2. Runs `InsertOptionalDataVisitor` against the local source root to populate snippets, context regions, and artifact hashes.
3. Enriches CWE-as-rule-id descriptors from the embedded MITRE CWE taxonomy (omit with `--no-cwe-enrichment` if you've already populated descriptors).
4. Rewrites `originalUriBaseIds["SRCROOT"]` to `{{PORTABLE_SRCROOT_URI}}` (typically `https://github.com/<org>/<repo>/blob/<sha>/`) so the published log anchors at a host-independent location.
5. Embeds text-file artifact contents (`--embed-text-files`). Useful for self-contained AI fixtures and to clear `SARIF2013`.
6. Runs the validator against the output with `--rule-kind Sarif;AI` (`--validate`). Fails non-zero with a summary if any Error-level findings are reported.

If `--validate` reports errors, the produced file is on disk but did not meet the profile. Treat this as a generation defect: fix the offending result or notification, regenerate, and re-finalize.

## Validation

This skill's contract is satisfied when:

1. `emit-finalize --validate` exits with code 0 (no Error-level rule findings under `--rule-kind Sarif;AI`).
2. The file passes the [validate-sarif skill](../validate-sarif/SKILL.md) at full profile depth.
3. The file is consumable by the SDK object model (`SarifLog.Load`) without exceptions.

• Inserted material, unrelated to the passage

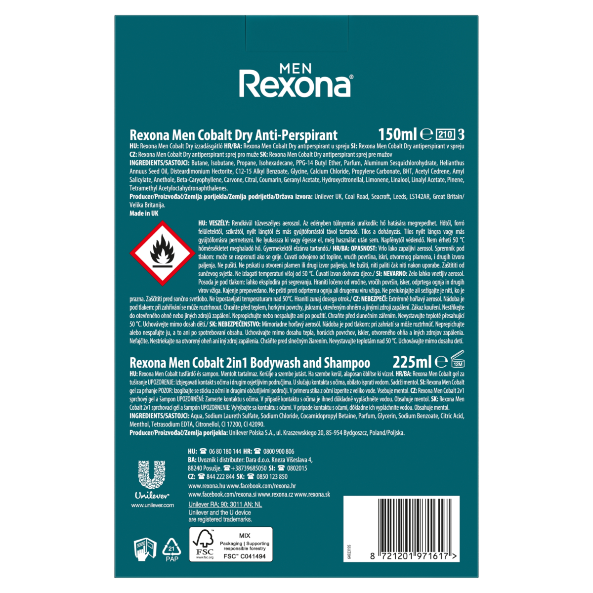 A Rexona Men Cobalt ajándékcsomag három egymást kiegészítő terméket kínál, amelyek a friss, energikus mindennapokat támogatják. A pezsdítő menta- és pézsmaillatú izzadásgátló aeroszol akár 48 órán át segít megőrizni a magabiztosságot, intenzív mozgás mellett is. A hűsítő tusfürdő és sampon felfrissíti a bőrt és a hajat, így már a reggeli rutin is lendületet adhat. Praktikus, sportos szett, amely ideális mindennapi használatra vagy ajándéknak is.

Any of these failing means the producer drifted from the profile. The validation skill's "Known Drift Patterns" catalog enumerates the most common drift modes — consult it when finalize fails.

## Reference example

A complete reference SARIF file conforming to the AI profile is at [`docs/ai/example.sarif`](../../docs/ai/example.sarif). The CWE-driven taxonomy sample at [`src/Sarif/Taxonomies/CweGhasSample.sarif`](../../src/Sarif/Taxonomies/CweGhasSample.sarif), generated by [`CweGenerateSample.ps1`](../../src/Sarif/Taxonomies/CweGenerateSample.ps1), is the canonical SDK-generated sample and demonstrates the same emit-verb sequence in PowerShell.

## Escalation

- **Multitool unavailable** — Install .NET 10+ for `dotnet dnx`, or `dotnet tool install --global Sarif.Multitool`. Do **not** attempt to hand-author SARIF JSON: the SDK's emit verbs handle enrichment, validation, and consistency in ways that are difficult to replicate by hand. If you genuinely have no .NET environment, the profile doc is the source of truth — read it carefully — but expect to invest significant effort to match SDK output.
- **`emit-finalize --validate` reports persistent errors** — Inspect the validation output (rule ID, message). Cross-reference the rule ID with `docs/ValidationRules.md` and the AI rule list in the profile doc. If a rule appears wrong (false positive against a correct construct), file an issue against the SDK — do not silence the rule.
- **Source root not available locally** — Omit `originalUriBaseIds["SRCROOT"]` from the run header JSON and drop `--srcroot` from `emit-finalize`. Snippets and artifact hashes will be empty; `--embed-text-files` will have no effect. The resulting log is still profile-conformant but less rich for consumers.